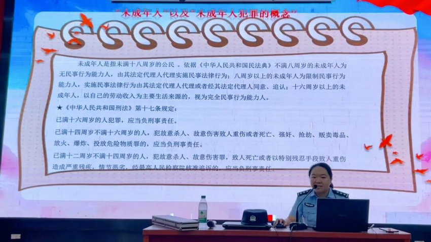 聚焦到预防未成年犯罪这一板块,警官结合真实案例着重介绍了两种常见的未成年犯罪类型,一是盗窃犯罪,部分未成年人因一时贪念,看到心仪的物品却没有正确的获取途径,便选择偷偷窃取他人财物;另一种是寻衅滋事犯罪,有些未成年人缺乏正确的情绪管理和法律意识,在与他人产生矛盾时,冲动之下通过打架斗殴等方式来 “解决” 问题,扰乱了社会秩序。
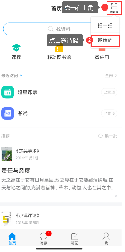 4.点击右上角“邀请码”,选择邀请码 5.邀请码详见超星“学习通”操作手册。
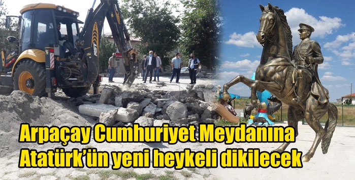 Arpaçay Cumhuriyet Meydanında bulunan Gazi Mustafa Kemal Atatürk Anıtımız, ilçemizde devam eden park-bahçe yapım çalışmaları nedeniyle kaldırılarak, Anıtın yerinde yapılacak çalışmalar tamamlandıktan sonra Ankara Artil Sanat Heykel Atölyesinde yapımı devam eden görseldeki anıt konulacaktır.

Task statement: Restate the listing above word for word. Leave the images out.

Task output:
 聚焦到预防未成年犯罪这一板块,警官结合真实案例着重介绍了两种常见的未成年犯罪类型,一是盗窃犯罪,部分未成年人因一时贪念,看到心仪的物品却没有正确的获取途径,便选择偷偷窃取他人财物;另一种是寻衅滋事犯罪,有些未成年人缺乏正确的情绪管理和法律意识,在与他人产生矛盾时,冲动之下通过打架斗殴等方式来 “解决” 问题,扰乱了社会秩序。
 4.点击右上角“邀请码”,选择邀请码 5.邀请码详见超星“学习通”操作手册。
 Arpaçay Cumhuriyet Meydanında bulunan Gazi Mustafa Kemal Atatürk Anıtımız, ilçemizde devam eden park-bahçe yapım çalışmaları nedeniyle kaldırılarak, Anıtın yerinde yapılacak çalışmalar tamamlandıktan sonra Ankara Artil Sanat Heykel Atölyesinde yapımı devam eden görseldeki anıt konulacaktır.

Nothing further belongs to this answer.